Support to the victim of the aggression, Ukraine, came through financial aid (100 billion euros) and the transfer of military capability (60 billion euros). This has not generated the much-flaunted and dreamed goal of full military victory against Russia. Instead, while Ukrainians continue to struggle in an impossible battle on the field, European support to the fight has aggravated the military position of the continent, which is now leading a dangerous global rise in military expenditure and rearmament to restock its arsenals and boost its depressed economy.

Diplomatic avenues have been repeatedly ignored since the sabotage of the Istanbul talks of April 2022. Other attempts to approach the enemy to initiate dialogue were promptly greeted with the faulty historical analogy that describes Putin as today’s Hitler.

The message is that Russia is preparing an invasion of the continent beyond Ukraine. That is, the biggest country in the world, scarcely populated and rich in natural resources, would engage in a battle with twenty-some other countries, allied with the world’s biggest nuclear power, to annexe more land, poor in resources and densely populated.
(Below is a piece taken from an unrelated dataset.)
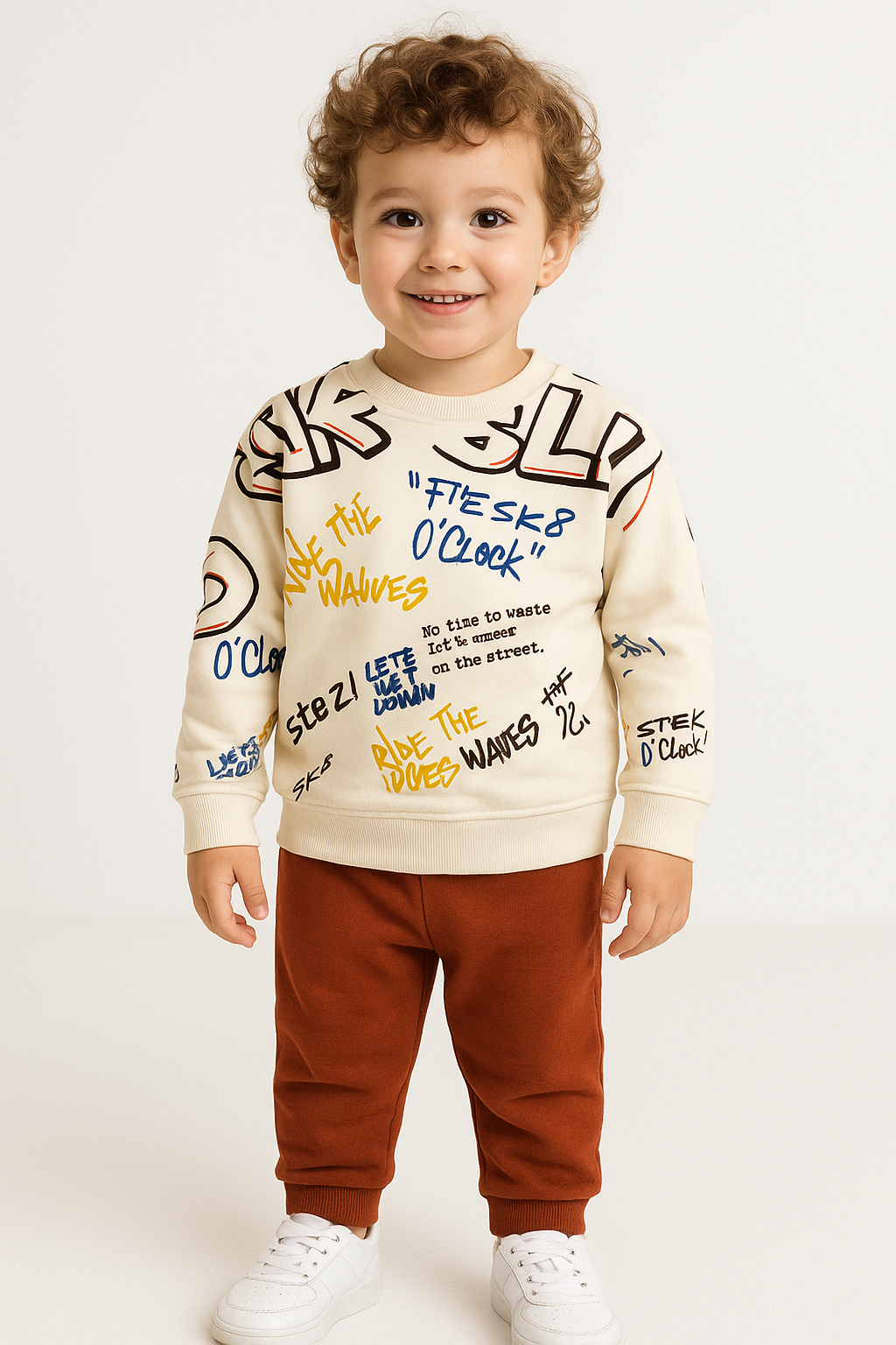 1702- Karışık Desenli Erkek Çocuk Takımı - Acı Kahve (1702)

The idea of a future war serves two purposes. It fulfils revenge desires of a political class that equates modern-day Russia to the Soviet Union (see, among others, Estonia’s Kaja Kallas and Lithuania’s Andrius Kubilius). It also allows the continent to overcome one of history’s biggest hurdles: the rearmament of Germany.

Europe’s largest nation in recent years has shown the worst of its power politics through economic statecraft. That economic giant is now facing its worst recession since 1945 because of the illogical strategic choices of the past three years. Reconverting a moribund car industry, that has failed to keep pace with the times and innovate its products, into a military industry is the last resort for a nation that is already witnessing the rise of old nationalistic stances.

What are the outcomes of this failed strategy? A regional conflict has turned into the biggest threat to global peace and security since the end of the Cold War. Ukraine is a destroyed country, in the hands of a corrupt oligarchy, where 70 per cent of the population want an immediate end to the war, and seven million left despite the common wisdom of the fighting nation.

A whole continent has abandoned the path of collaboration and dialogue that freed the resources to generate decades of prosperity, to elect war as its future mission. The suppression of European geopolitical autonomy and the transformation of Europe into an American affluent satellite.

Finally, the humiliation of seven leaders summoned by their master to accept reality (his reality) against their professed belligerent intentions. In one sentence, the strategy failed because the war is lost, a simple fact that European leaders cannot admit.

The names of Ursula Von der Leyen, Emmanuel Macron, Mark Rutte, Alexander Stubb, Giorgia Meloni, Friedrich Merz and Keir Starmer might be briefly mentioned in history books one day as an example of the worst effects of political insipidness and subservience. The time has come to talk peace and slow down with war preparation. In other words, it is time for politics to regain centre stage after decades of economic rule.

What is worrying is that this is finally happening under the drive of anti-democratic oligarchs like Trump and Putin, against the whims of the leaders of some of the most advanced democracies. Those leaders, those seven dwarves who were in Washington on 18 August to accompany the president of a destroyed Ukraine, are liable for this democratic debacle, and there is no logical explanation why they did it.